The energy sector in general -and the oil and gas business in particular- has created tempting markets for third party logistics providers. These markets are vast in size, with supply chains that span the world and require extraordinarily complex logistics that often operate under conditions of intense time sensitivity, therefore energy businesses look an attractive group of potential customers.
Seemingly motivated by the possibilities of this huge opportunity, DHL Solutions & Innovation has published a paper titled “Your Supply Chain Simple and Controlled” addressing the need, in their opinion, for energy companies to restructure and out-source their logistics to big integrated logistics providers. Focussing on MRO (maintenance, repair and overhaul) operations in particular, DHL is arguing that the combination of new locations, complex supply chains and the higher cost base that is the result of greater complexity demands a different approach towards the procurement of logistics services.
As the report states “energy professionals need to partner with integrated suppliers who can offer them global coverage but also in-depth local understanding…they seek better visibility of end-to-end supply management while also addressing the downward pressure on costs… while simultaneously investing in more external expertise.” DHL argue that the consequence of these trends is the need to buy-in more external resources. Yet, this very process of out-sourcing itself becomes an issue that demands management as the logistics supplier base becomes increasingly large and complicated. The best way to manage this, say DHL is to rationalise smaller suppliers through a large integrated supplier either physically or presumably though some sort of 4PL or Lead Logistics Provider arrangement.

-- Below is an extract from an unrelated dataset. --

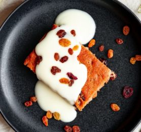 - Pekač postavimo v hladilnik za približno 1 h preden pecivo razrežemo na rezine in postrežemo.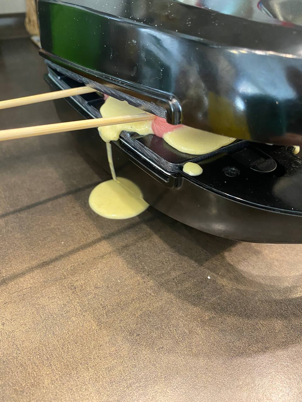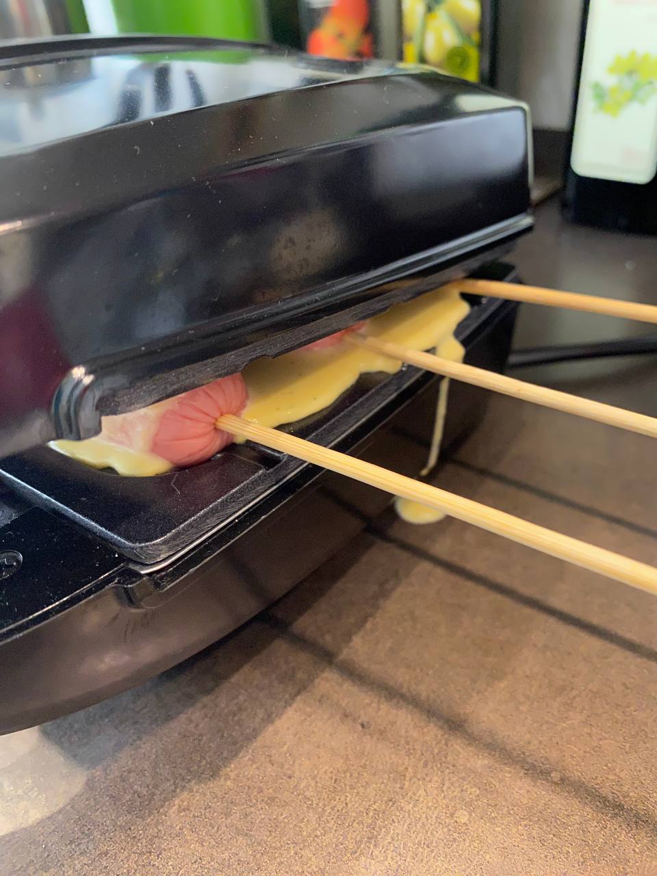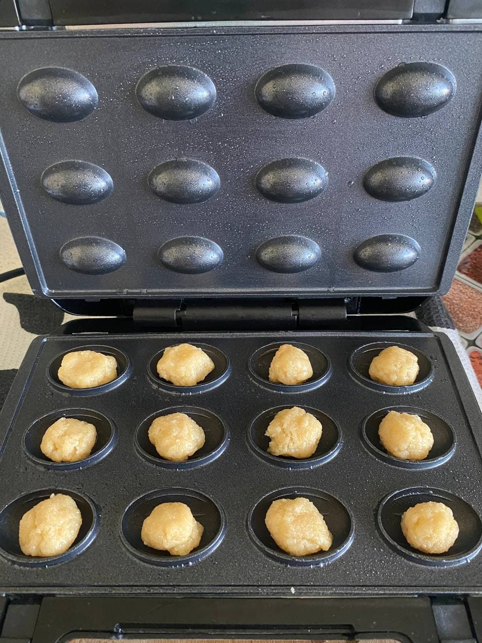 В первый раз тесто получилось слишком жидким. В нижнюю форму мультипекаря оно заливалось легко, но как только мы уложили сосиски и попытались полить их сверху, то масса буквально утекала мимо, переливаясь за края формы. В итоге излишки теста пролились по стенкам устройства и даже на стол.

The problem is that the energy sector is so vast that it is more or less impossible for any logistics service provider to possess either the physical resources or the management expertise to service the whole of it. An obvious example is that of oil and gas. As the report indicates, the growth of shale-gas production is one of the most significant developments in the energy sector. However, the types of MRO or E&P logistics services required by most shale-gas operations are radically different from that other area of growth, off-shore gas (and oil) production.
And the present reality of logistics in the sector is more prosaic. For example, in an interview with the publication ‘The Loadstar’, the regional logistics manager for Eurasia and Middle East for oil field service company Halliburton has said that his company in-sourced much of its supply chain management after becoming frustrated at the inability of forwarders to offer the service it needed “six years ago we had forwarders – but there was no visibility. There were ineffective processes and we were dependent on forwarders with mediocre services. They wasted time and money with outdated methods.”To anyone familiar with the evolution of logistics in the automotive sector, these complaints are reminiscent of a sector struggling with the reality of outsourcing. If the lessons of that industry are to be applied to the energy business, there will be a lot of work to be done before even a portion of its potential is realised.